--- Supplied records ---
+ + +

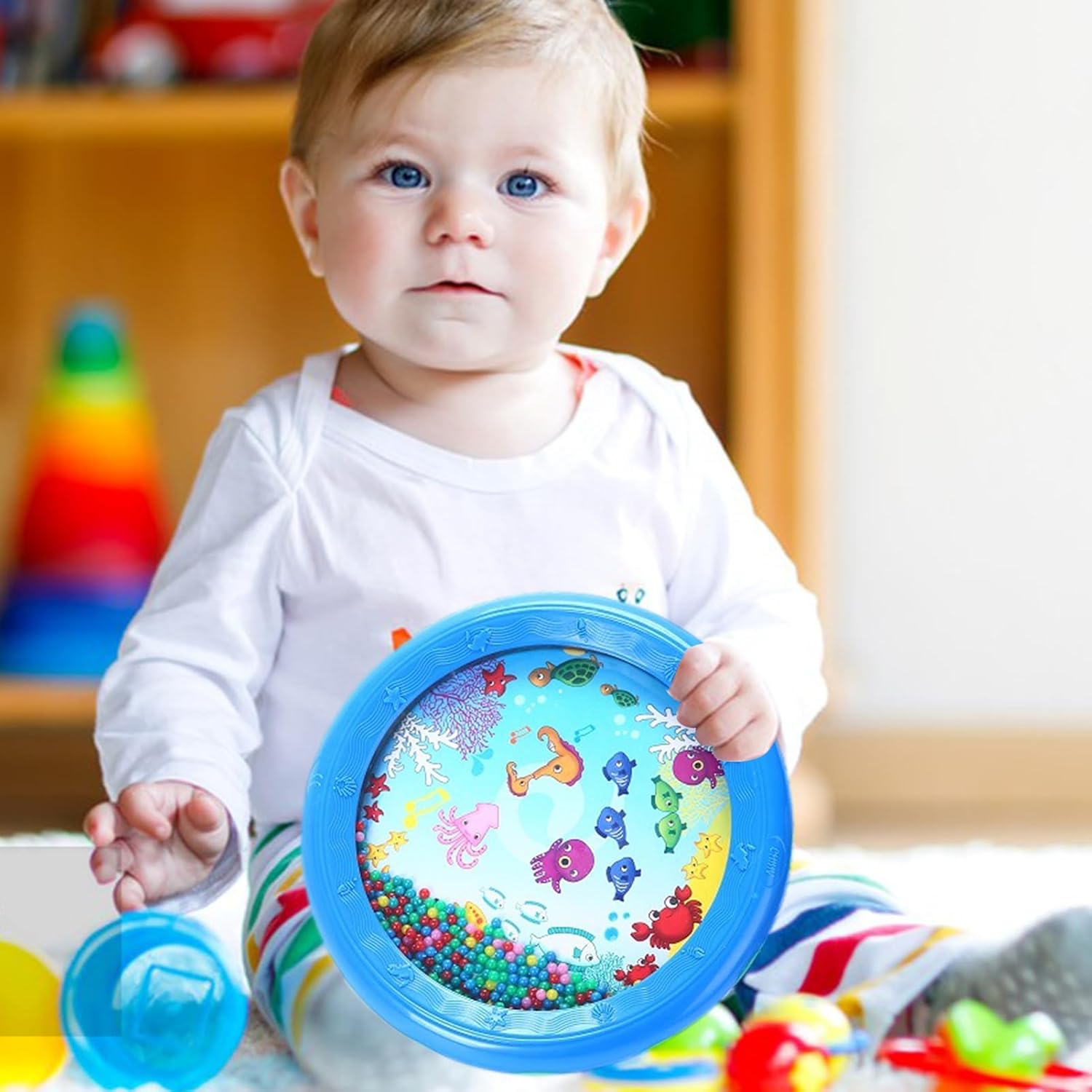 Materiale di alta qualità: il design rotondo con superfici lisce garantisce sicurezza, mentre i materiali di alta qualità lo rendono sopportabile. Con un bel suono calmante che imita il suono delle onde del mare, questo tamburo marino è leggero e facile da controllare per i bambini. Soothe and Relax: Il nostro tamburo marino immerge i bambini in rilassanti simulazioni marine. I modelli del tamburo creano una scena marina, che forniscono stimolazione sensoriale e migliorano le capacità di elaborazione uditiva. Sfondo a tema marino: esplora le meraviglie del marine con il nostro tamburo marino educativo e divertente. Con uno sfondo vivace e colorato a tema marino, è coinvolgere ragazzi e ragazze per ore di divertimento. Ispira la curiosità: incoraggia l'amore per l'apprendimento e l'esplorazione di tuo figlio con questo tamburo di mare. esplorano il mondo di colori, suoni e movimenti attraverso le incantevoli perle colorate. Presente commovente: scatena l'immaginazione di tuo figlio e migliora il suo musicista interiore con i suoni unici di questo tamburo marino. Un grande regalo per i bambini, perfetto per compleanni o Natale, per incoraggiare la creatività e sviluppare le loro abilità musicali.
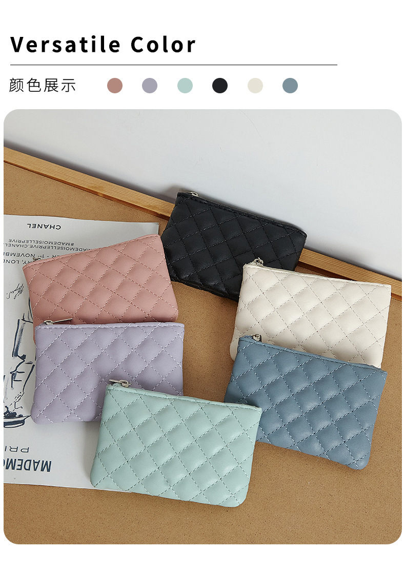 [현장] 2023 새로운 마름모 짧은 PU 부드러운 가죽 동전 지갑 국경 초경량 숙녀 카드 동전 가방
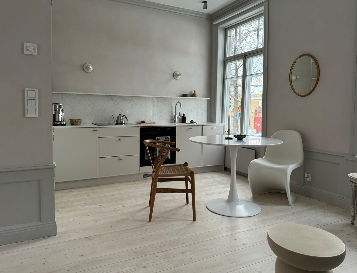 Deux-pièces entièrement rénové et fonctionnel dans une maison en pierre d'ambiance des années 50 avec un emplacement privilégié. À seulement 300 m de la gare. Théâtre, usine de tissage et musée d'art à 150-450 m. Épicerie à 300 m, marché à 800 m et centre commercial Goodman à 1,6 km. La destination est à proximité immédiate de Vanajavesi. Le long de la route côtière populaire, vous pouvez marcher jusqu'à Aulangon, Kaupunginpuisto ou le château de Häme. La cuisine est entièrement équipée. La chambre dispose de beaucoup d'espace de rangement.
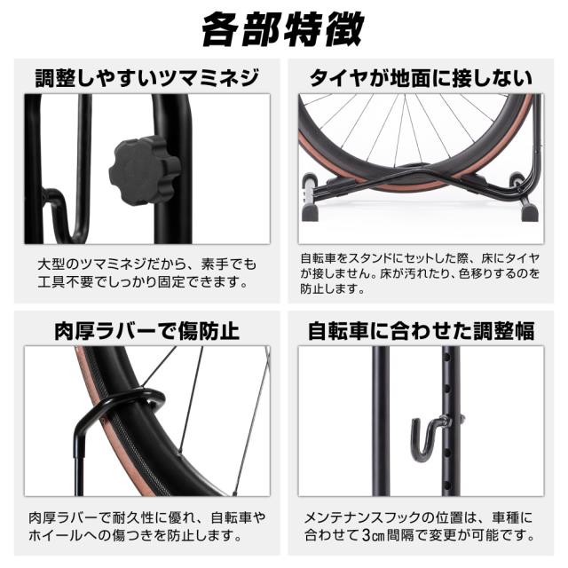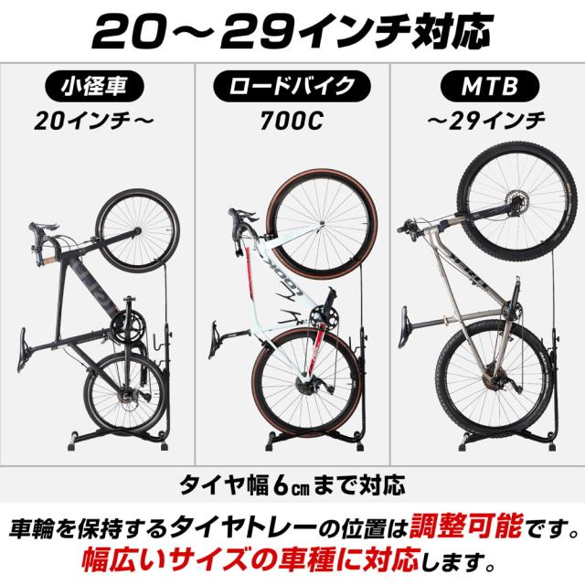 タイヤトレーの位置は調整可能。20〜29インチの自転車に対応し、小径車、ロードバイク、MTBなど様々な車種に使用できます
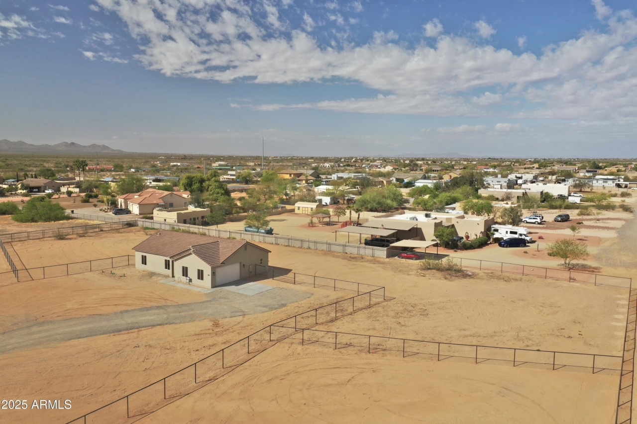 Welcome to your own private slice of Arizona living! This beautifully remodeled home sits on just over an acre with wide-open mountain views and trail access right from the property-perfect for anyone who craves space, privacy, and that peaceful desert lifestyle. Inside, you'll love the bright, open great room with vaulted ceilings, a stunning 5x7 quartz waterfall island, and custom-made cabinetry throughout the completely remodeled 2022 kitchen and bathrooms. The split floorplan gives the primary suite its own quiet retreat with a walk-in closet and warm natural light. Now for the showstopper... the 30x40 insulated shop. This is the dream setup: custom wrought iron gates leading to the shop, a water apron, plumbing for water, an 8' garage door, custom shelving, and a 10,000 lb lift that can convey with the right offer. The property also features 24' gates on both sides, making access incredibly convenient. The property is fully fenced and beautifully landscaped. The backyard offers a separate play area with turf and pavers, plus a cozy covered patio. The remaining yard is finished with clean, low-maintenance quarter minus, ideal for anyone who loves space without all the upkeep. Desert landscaping highlights the front and side yards, giving the home a warm, inviting feel. Additional perks include an attached 2-car garage with 220 power, a new 50-gallon Marathon water heater with a lifetime warranty, and a laundry oxygenatora system that uses oxygenated water to clean clothes more effectively while reducing detergent use. This home blends comfort, modern upgrades, and that wide-open Arizona lifestyle. If you've been waiting for the perfect property with room to breathe, space to play, and a shop most people only dream of - this is the one!

+ + +

--- Description of the task ---
Everything in the material except the pictures should be output verbatim.

--- Answer section ---
 Materiale di alta qualità: il design rotondo con superfici lisce garantisce sicurezza, mentre i materiali di alta qualità lo rendono sopportabile. Con un bel suono calmante che imita il suono delle onde del mare, questo tamburo marino è leggero e facile da controllare per i bambini. Soothe and Relax: Il nostro tamburo marino immerge i bambini in rilassanti simulazioni marine. I modelli del tamburo creano una scena marina, che forniscono stimolazione sensoriale e migliorano le capacità di elaborazione uditiva. Sfondo a tema marino: esplora le meraviglie del marine con il nostro tamburo marino educativo e divertente. Con uno sfondo vivace e colorato a tema marino, è coinvolgere ragazzi e ragazze per ore di divertimento. Ispira la curiosità: incoraggia l'amore per l'apprendimento e l'esplorazione di tuo figlio con questo tamburo di mare. esplorano il mondo di colori, suoni e movimenti attraverso le incantevoli perle colorate. Presente commovente: scatena l'immaginazione di tuo figlio e migliora il suo musicista interiore con i suoni unici di questo tamburo marino. Un grande regalo per i bambini, perfetto per compleanni o Natale, per incoraggiare la creatività e sviluppare le loro abilità musicali.
 [현장] 2023 새로운 마름모 짧은 PU 부드러운 가죽 동전 지갑 국경 초경량 숙녀 카드 동전 가방
 Deux-pièces entièrement rénové et fonctionnel dans une maison en pierre d'ambiance des années 50 avec un emplacement privilégié. À seulement 300 m de la gare. Théâtre, usine de tissage et musée d'art à 150-450 m. Épicerie à 300 m, marché à 800 m et centre commercial Goodman à 1,6 km. La destination est à proximité immédiate de Vanajavesi. Le long de la route côtière populaire, vous pouvez marcher jusqu'à Aulangon, Kaupunginpuisto ou le château de Häme. La cuisine est entièrement équipée. La chambre dispose de beaucoup d'espace de rangement.
 タイヤトレーの位置は調整可能。20〜29インチの自転車に対応し、小径車、ロードバイク、MTBなど様々な車種に使用できます
 Welcome to your own private slice of Arizona living! This beautifully remodeled home sits on just over an acre with wide-open mountain views and trail access right from the property-perfect for anyone who craves space, privacy, and that peaceful desert lifestyle. Inside, you'll love the bright, open great room with vaulted ceilings, a stunning 5x7 quartz waterfall island, and custom-made cabinetry throughout the completely remodeled 2022 kitchen and bathrooms. The split floorplan gives the primary suite its own quiet retreat with a walk-in closet and warm natural light. Now for the showstopper... the 30x40 insulated shop. This is the dream setup: custom wrought iron gates leading to the shop, a water apron, plumbing for water, an 8' garage door, custom shelving, and a 10,000 lb lift that can convey with the right offer. The property also features 24' gates on both sides, making access incredibly convenient. The property is fully fenced and beautifully landscaped. The backyard offers a separate play area with turf and pavers, plus a cozy covered patio. The remaining yard is finished with clean, low-maintenance quarter minus, ideal for anyone who loves space without all the upkeep. Desert landscaping highlights the front and side yards, giving the home a warm, inviting feel. Additional perks include an attached 2-car garage with 220 power, a new 50-gallon Marathon water heater with a lifetime warranty, and a laundry oxygenatora system that uses oxygenated water to clean clothes more effectively while reducing detergent use. This home blends comfort, modern upgrades, and that wide-open Arizona lifestyle. If you've been waiting for the perfect property with room to breathe, space to play, and a shop most people only dream of - this is the one!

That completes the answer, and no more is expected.